TASK STATEMENT: Without the images, write out the entries word for word.

Items from a data source:
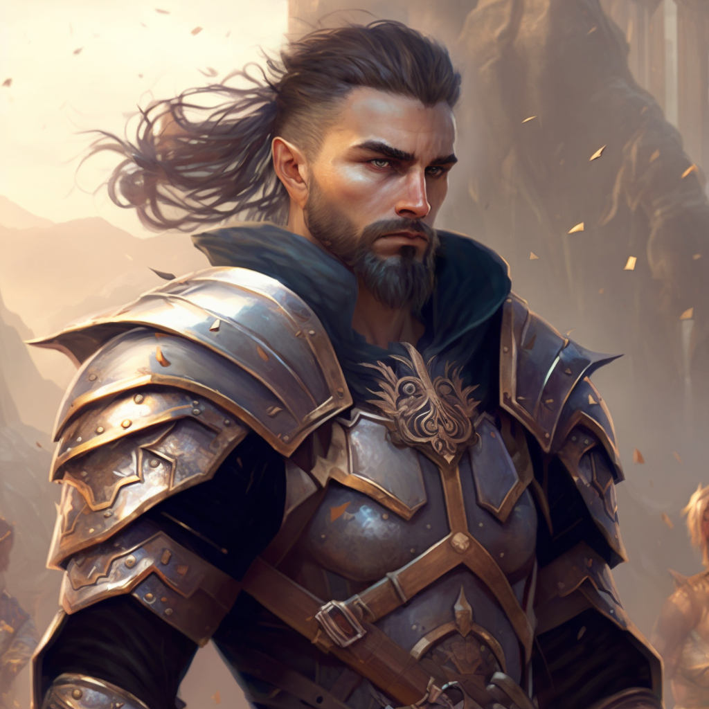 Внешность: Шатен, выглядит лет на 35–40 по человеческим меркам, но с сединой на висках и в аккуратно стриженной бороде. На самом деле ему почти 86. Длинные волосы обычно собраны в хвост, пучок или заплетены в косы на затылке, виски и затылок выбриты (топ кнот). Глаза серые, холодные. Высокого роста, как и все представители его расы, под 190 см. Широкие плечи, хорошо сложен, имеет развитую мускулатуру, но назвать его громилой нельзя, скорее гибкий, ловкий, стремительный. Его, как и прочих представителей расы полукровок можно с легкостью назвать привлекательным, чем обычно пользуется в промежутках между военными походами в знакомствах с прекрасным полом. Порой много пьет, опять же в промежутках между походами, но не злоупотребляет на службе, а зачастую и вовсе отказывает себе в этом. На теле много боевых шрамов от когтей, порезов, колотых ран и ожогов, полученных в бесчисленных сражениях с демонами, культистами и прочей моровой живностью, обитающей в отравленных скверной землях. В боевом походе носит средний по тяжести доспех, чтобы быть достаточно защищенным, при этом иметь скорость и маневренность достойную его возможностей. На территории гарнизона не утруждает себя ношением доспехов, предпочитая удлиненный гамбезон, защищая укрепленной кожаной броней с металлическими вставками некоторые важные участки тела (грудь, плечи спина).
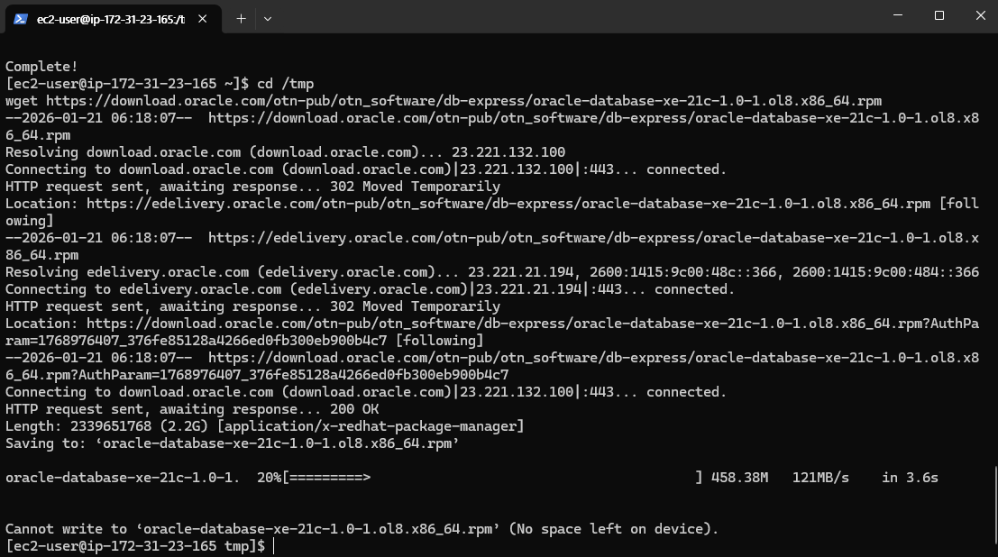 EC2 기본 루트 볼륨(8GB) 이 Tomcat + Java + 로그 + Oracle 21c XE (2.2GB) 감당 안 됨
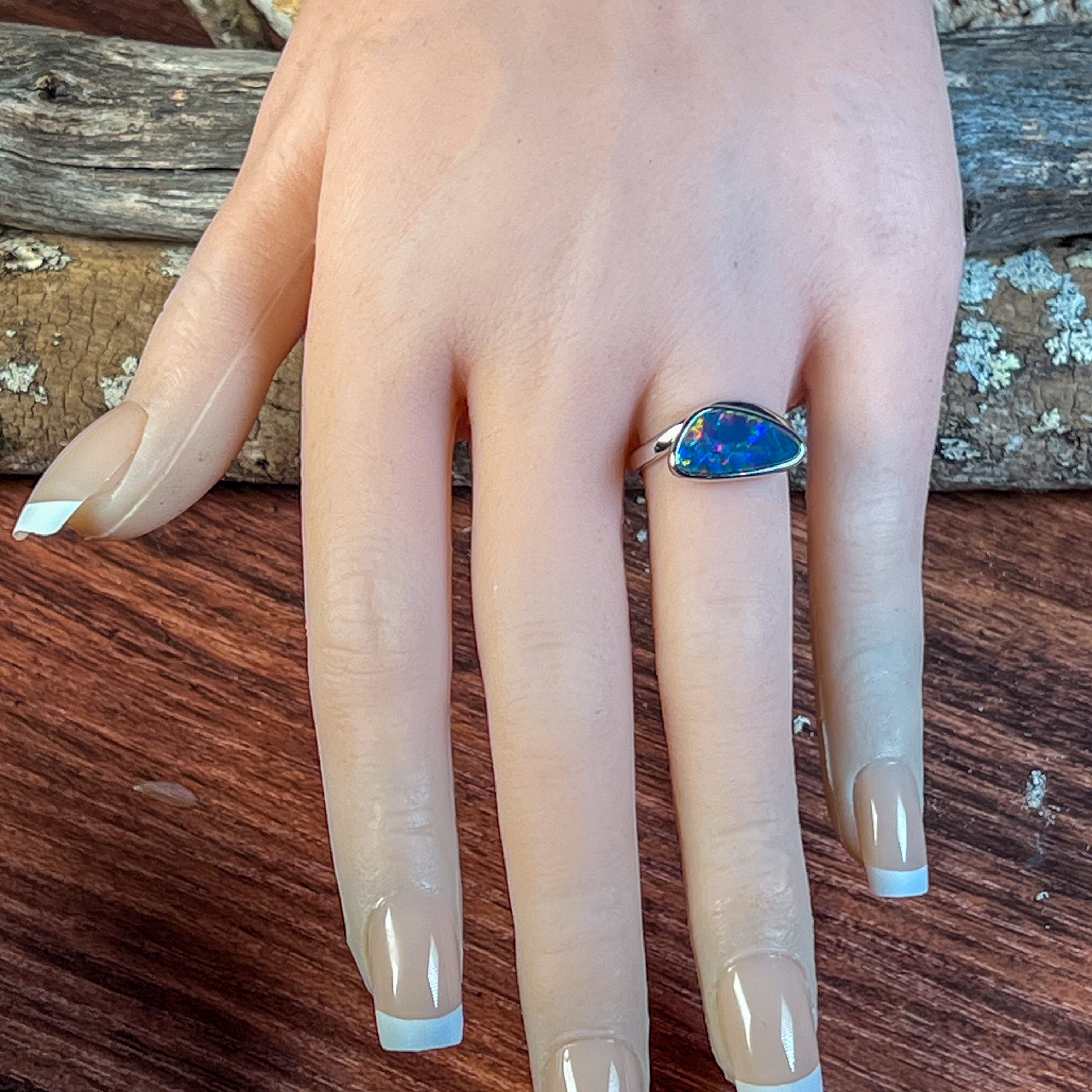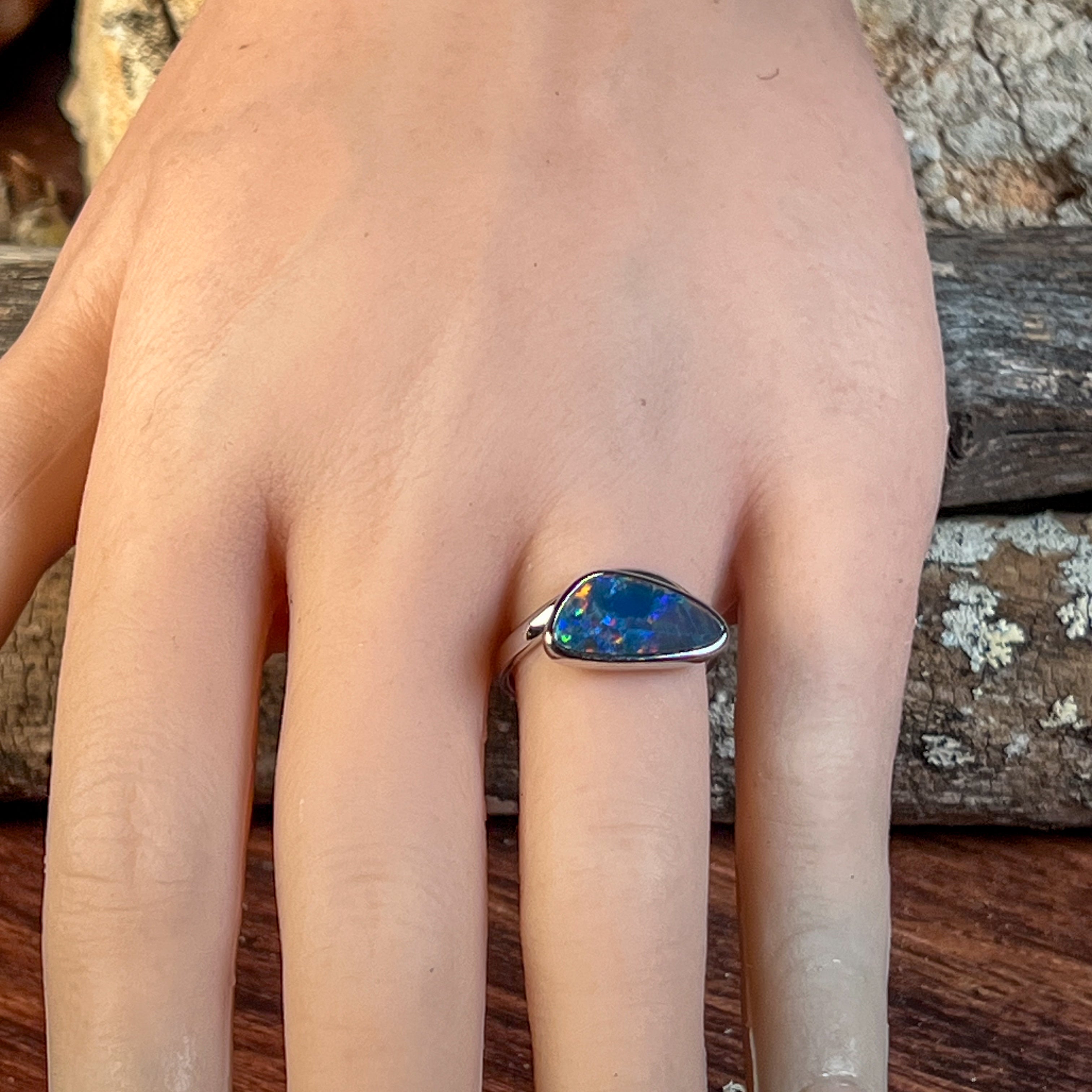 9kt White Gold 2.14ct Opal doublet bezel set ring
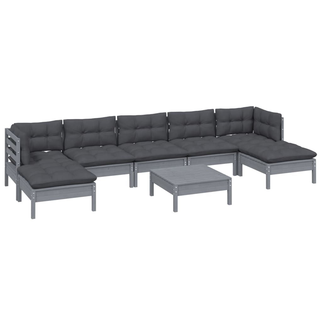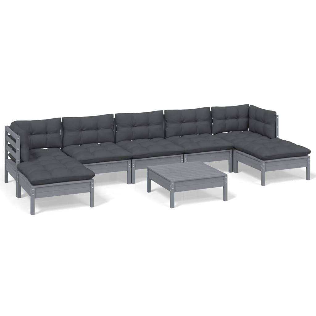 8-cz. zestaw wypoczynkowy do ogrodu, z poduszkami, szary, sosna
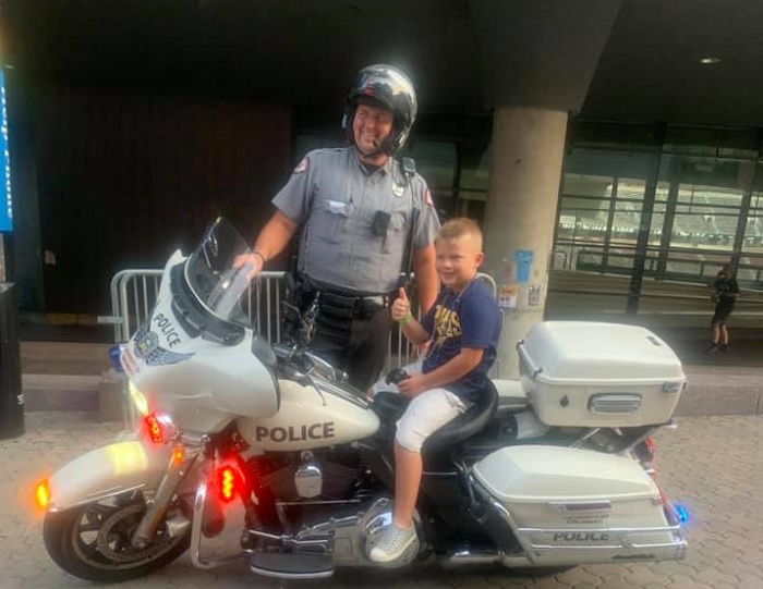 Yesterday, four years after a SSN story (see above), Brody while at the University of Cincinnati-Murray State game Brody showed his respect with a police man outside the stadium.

RESULT OF THE TASK:
 Внешность: Шатен, выглядит лет на 35–40 по человеческим меркам, но с сединой на висках и в аккуратно стриженной бороде. На самом деле ему почти 86. Длинные волосы обычно собраны в хвост, пучок или заплетены в косы на затылке, виски и затылок выбриты (топ кнот). Глаза серые, холодные. Высокого роста, как и все представители его расы, под 190 см. Широкие плечи, хорошо сложен, имеет развитую мускулатуру, но назвать его громилой нельзя, скорее гибкий, ловкий, стремительный. Его, как и прочих представителей расы полукровок можно с легкостью назвать привлекательным, чем обычно пользуется в промежутках между военными походами в знакомствах с прекрасным полом. Порой много пьет, опять же в промежутках между походами, но не злоупотребляет на службе, а зачастую и вовсе отказывает себе в этом. На теле много боевых шрамов от когтей, порезов, колотых ран и ожогов, полученных в бесчисленных сражениях с демонами, культистами и прочей моровой живностью, обитающей в отравленных скверной землях. В боевом походе носит средний по тяжести доспех, чтобы быть достаточно защищенным, при этом иметь скорость и маневренность достойную его возможностей. На территории гарнизона не утруждает себя ношением доспехов, предпочитая удлиненный гамбезон, защищая укрепленной кожаной броней с металлическими вставками некоторые важные участки тела (грудь, плечи спина).
 EC2 기본 루트 볼륨(8GB) 이 Tomcat + Java + 로그 + Oracle 21c XE (2.2GB) 감당 안 됨
 9kt White Gold 2.14ct Opal doublet bezel set ring
 8-cz. zestaw wypoczynkowy do ogrodu, z poduszkami, szary, sosna
 Yesterday, four years after a SSN story (see above), Brody while at the University of Cincinnati-Murray State game Brody showed his respect with a police man outside the stadium.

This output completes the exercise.